Дочерей звали: Мака, Бета, Шурочка, Нина и Кася.
Каждой из них в семье было отведено свое амплуа. Мака, девица с рыбьим профилем, пользовалась репутацией ангельского характера. «Уж эта Мака — сама простота», говорили про нее родители, когда она во время прогулок и вечеров стушевывалась на задний план в интересах младших сестер (Маке уже перевалило за тридцать).
Бета считалась умницей, носила пенсне и, как говорили, хотела даже когда-то поступить на курсы. Она держала голову склоненной набок и вниз, как старая пристяжная, и ходила ныряющей походкой, то подымаясь, то опускаясь при каждом шаге. К новым гостям она приставала со спорами о том, что женщины лучше и честнее мужчин, или с наивной игривостью просила: «Вы такой проницательный… ну вот, определите мой характер». Когда разговор переходил на одну из классических домашних тем: «Кто выше: Лермонтов или Пушкин?» или: «Способствует ли природа смягчению нравов?» — Бету выдвигали вперед, как боевого слона.
Третья дочь, Шурочка, избрала специальностью игру в дурачки со всеми холостыми инженерами по очереди. Как только узнавала она, что ее старый партнер собирается жениться, она, подавляя огорчение и досаду, избирала себе нового. Конечно, игра велась с милыми шутками и маленьким пленительным плутовством, причем партнера называли «противным» и били по рукам картами.
Нина считалась в семье общей любимицей, избалованным, но прелестным ребенком. Она была выродком среди своих сестер с их массивными фигурами и грубоватыми, вульгарными лицами. Может быть, одна только madame Зиненко могла бы удовлетворительно объяснить, откуда у Ниночки взялась эта нежная, хрупкая фигурка, эти почти аристократические руки, хорошенькое смугловатое личико, все в родинках, маленькие розовые уши и пышные, тонкие, слегка вьющиеся волосы. На нее родители возлагали большие надежды, и ей поэтому разрешалось все: и объедаться конфетами, и мило картавить, и даже одеваться лучше сестер.

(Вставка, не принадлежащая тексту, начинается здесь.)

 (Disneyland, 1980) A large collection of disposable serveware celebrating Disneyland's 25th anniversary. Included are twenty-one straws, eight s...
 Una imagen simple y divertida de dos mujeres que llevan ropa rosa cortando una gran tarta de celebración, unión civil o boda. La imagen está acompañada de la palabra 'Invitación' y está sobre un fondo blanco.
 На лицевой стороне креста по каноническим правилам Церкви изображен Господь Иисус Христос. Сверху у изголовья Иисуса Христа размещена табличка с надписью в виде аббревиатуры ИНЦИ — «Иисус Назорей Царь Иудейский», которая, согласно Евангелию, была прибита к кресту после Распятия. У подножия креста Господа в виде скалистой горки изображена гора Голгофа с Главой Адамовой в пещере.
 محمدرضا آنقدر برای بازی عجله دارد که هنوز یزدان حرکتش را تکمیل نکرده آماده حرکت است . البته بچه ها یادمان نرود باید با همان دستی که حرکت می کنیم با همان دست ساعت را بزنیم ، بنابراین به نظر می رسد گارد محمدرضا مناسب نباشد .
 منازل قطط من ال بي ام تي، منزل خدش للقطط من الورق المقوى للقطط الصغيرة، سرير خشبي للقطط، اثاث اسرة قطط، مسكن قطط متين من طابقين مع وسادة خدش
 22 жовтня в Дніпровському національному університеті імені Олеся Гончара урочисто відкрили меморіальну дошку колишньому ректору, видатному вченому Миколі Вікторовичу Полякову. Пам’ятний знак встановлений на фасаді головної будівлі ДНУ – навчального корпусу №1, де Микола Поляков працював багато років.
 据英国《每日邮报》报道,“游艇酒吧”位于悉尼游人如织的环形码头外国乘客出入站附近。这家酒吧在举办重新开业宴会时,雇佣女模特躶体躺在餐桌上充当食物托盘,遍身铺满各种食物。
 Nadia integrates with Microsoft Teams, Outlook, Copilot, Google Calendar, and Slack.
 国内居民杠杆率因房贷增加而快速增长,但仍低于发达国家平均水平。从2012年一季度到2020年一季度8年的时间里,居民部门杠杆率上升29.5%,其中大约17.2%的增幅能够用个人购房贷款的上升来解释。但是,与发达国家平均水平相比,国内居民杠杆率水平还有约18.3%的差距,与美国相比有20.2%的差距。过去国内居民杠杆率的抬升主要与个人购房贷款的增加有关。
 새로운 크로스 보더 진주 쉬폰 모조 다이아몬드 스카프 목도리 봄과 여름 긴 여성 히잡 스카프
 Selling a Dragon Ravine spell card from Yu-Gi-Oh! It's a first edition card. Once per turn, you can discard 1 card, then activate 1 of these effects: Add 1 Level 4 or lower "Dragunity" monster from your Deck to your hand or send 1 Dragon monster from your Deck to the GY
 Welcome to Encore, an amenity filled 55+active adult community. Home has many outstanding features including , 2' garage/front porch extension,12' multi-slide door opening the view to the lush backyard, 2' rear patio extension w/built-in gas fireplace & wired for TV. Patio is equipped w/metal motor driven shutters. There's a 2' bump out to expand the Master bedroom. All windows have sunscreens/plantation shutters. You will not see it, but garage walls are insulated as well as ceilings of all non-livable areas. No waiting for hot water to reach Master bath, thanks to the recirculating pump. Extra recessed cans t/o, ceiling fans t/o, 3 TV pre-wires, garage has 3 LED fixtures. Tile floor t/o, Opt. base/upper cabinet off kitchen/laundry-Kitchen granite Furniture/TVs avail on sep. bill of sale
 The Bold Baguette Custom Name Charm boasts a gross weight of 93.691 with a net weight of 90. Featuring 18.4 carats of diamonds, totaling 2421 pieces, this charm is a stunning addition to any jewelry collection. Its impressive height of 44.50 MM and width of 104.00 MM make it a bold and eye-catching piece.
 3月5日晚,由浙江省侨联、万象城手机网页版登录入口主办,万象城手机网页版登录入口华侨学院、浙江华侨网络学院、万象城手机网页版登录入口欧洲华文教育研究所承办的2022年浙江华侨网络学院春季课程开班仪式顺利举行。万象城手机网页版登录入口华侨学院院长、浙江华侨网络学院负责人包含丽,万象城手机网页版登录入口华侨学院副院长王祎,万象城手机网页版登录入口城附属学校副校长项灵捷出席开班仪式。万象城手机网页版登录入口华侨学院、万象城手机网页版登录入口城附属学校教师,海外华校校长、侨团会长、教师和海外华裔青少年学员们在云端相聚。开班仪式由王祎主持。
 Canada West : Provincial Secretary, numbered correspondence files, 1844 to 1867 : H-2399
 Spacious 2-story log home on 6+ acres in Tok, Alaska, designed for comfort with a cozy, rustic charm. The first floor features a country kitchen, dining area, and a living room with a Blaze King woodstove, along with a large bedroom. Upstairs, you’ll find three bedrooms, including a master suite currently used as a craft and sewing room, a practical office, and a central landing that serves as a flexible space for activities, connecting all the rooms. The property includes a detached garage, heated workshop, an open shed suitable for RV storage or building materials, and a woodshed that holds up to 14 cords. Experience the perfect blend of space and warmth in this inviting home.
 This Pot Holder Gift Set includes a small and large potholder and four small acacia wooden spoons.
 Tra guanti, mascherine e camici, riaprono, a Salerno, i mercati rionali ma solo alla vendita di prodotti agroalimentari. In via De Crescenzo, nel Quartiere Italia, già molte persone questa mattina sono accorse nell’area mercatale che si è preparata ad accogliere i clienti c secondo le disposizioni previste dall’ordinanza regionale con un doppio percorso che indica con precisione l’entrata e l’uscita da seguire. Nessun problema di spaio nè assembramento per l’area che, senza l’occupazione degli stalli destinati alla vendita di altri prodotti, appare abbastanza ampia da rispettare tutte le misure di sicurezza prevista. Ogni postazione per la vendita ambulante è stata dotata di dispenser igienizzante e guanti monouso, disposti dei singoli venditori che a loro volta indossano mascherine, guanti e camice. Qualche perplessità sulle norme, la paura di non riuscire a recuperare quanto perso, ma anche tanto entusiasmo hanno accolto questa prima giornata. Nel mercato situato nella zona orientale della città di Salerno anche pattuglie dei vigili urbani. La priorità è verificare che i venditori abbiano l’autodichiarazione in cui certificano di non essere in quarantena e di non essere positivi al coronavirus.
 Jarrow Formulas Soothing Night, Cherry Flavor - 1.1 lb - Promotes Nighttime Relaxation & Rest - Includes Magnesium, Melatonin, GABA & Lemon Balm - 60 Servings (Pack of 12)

Самой младшей, Касе, исполнилось недавно четырнадцать лет, но этот феноменальный ребенок перерос на целую голову свою мать, далеко превзойдя старших сестер могучей рельефностью форм. Ее фигура давно уже вызывала пристальные взоры заводской молодежи, совершенно лишенной, по отдаленности от города, женского общества, и Кася принимала эти взоры с наивным бесстыдством рано созревшей девочки.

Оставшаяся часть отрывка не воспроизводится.